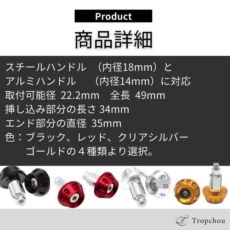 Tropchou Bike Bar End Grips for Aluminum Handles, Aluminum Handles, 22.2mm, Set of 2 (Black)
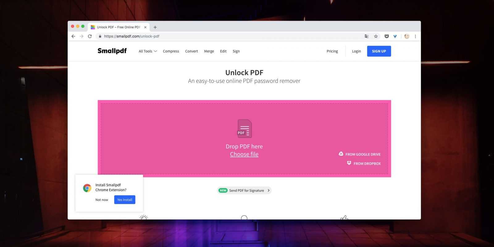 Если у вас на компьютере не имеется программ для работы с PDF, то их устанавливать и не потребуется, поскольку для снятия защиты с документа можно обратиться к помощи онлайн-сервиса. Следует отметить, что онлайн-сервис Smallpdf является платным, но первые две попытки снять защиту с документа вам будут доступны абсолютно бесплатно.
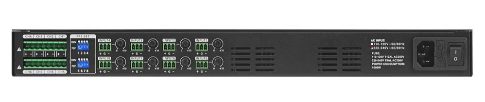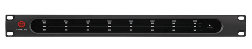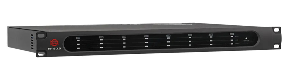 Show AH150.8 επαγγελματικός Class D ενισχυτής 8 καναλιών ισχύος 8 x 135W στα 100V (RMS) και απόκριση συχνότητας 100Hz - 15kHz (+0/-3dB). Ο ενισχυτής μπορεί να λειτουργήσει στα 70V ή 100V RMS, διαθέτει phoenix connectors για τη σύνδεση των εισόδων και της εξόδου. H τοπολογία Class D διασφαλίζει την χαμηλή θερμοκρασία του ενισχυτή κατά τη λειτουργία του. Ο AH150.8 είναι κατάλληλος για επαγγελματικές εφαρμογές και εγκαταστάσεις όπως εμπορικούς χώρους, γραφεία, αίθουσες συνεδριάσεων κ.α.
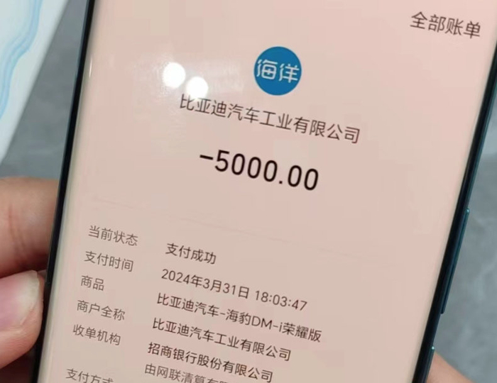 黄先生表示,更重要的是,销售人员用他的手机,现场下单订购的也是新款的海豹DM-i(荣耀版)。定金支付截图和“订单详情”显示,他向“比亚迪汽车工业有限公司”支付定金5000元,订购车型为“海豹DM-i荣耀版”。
· · · ·
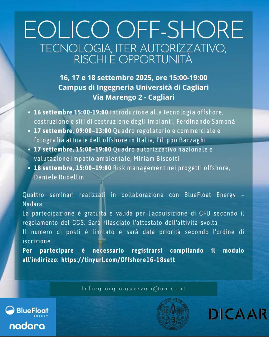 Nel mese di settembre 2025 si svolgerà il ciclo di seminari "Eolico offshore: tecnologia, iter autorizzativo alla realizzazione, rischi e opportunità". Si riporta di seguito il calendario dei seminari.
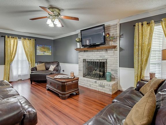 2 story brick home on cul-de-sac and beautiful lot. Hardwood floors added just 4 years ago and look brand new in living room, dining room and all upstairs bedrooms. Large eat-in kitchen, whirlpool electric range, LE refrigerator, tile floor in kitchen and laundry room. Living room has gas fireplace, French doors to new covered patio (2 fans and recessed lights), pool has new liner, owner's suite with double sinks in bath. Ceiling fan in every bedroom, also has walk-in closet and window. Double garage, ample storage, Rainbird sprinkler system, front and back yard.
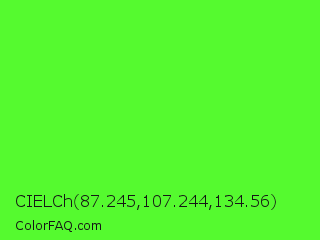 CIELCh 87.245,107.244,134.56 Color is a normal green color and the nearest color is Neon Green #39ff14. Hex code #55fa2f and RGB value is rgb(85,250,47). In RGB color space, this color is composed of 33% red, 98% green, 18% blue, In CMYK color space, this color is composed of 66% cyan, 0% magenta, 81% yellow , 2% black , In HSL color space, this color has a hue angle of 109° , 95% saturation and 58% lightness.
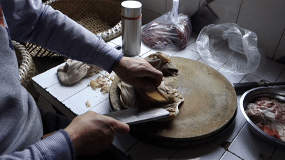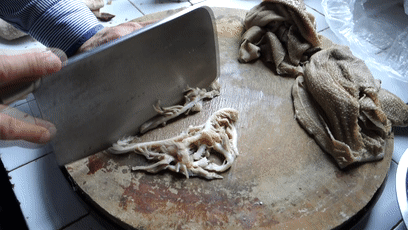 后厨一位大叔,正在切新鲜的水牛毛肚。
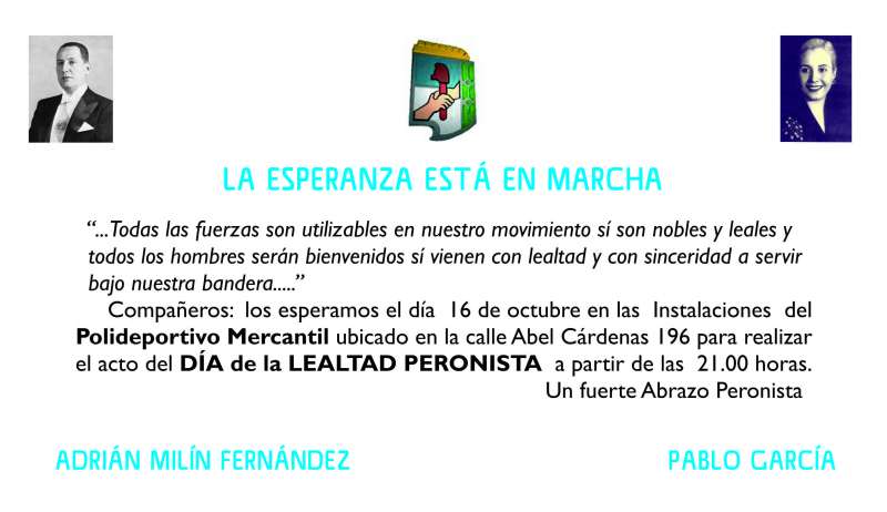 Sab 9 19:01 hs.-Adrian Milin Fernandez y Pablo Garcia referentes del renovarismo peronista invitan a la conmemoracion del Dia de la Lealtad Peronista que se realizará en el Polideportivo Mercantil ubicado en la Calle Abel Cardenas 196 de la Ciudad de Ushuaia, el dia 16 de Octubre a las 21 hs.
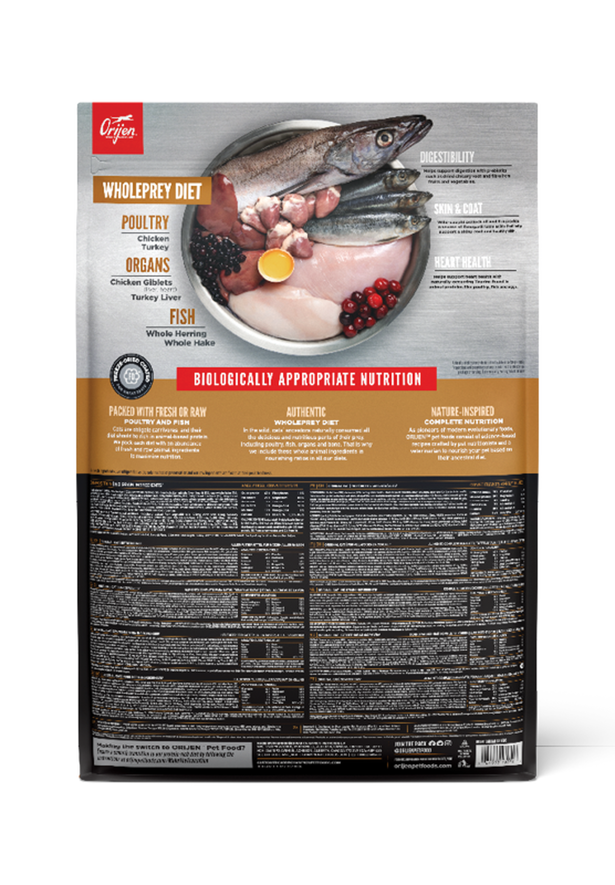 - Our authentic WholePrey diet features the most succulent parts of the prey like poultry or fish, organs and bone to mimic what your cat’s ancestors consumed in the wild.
· · · ·
## Problem details
Starting at the line containing "Tropchou Bike Bar" and stopping at the line containing "Если у вас на", output each line exactly as it appears above. Leave out the pictures.

## Output of the exercise
 Tropchou Bike Bar End Grips for Aluminum Handles, Aluminum Handles, 22.2mm, Set of 2 (Black)
 Если у вас на компьютере не имеется программ для работы с PDF, то их устанавливать и не потребуется, поскольку для снятия защиты с документа можно обратиться к помощи онлайн-сервиса. Следует отметить, что онлайн-сервис Smallpdf является платным, но первые две попытки снять защиту с документа вам будут доступны абсолютно бесплатно.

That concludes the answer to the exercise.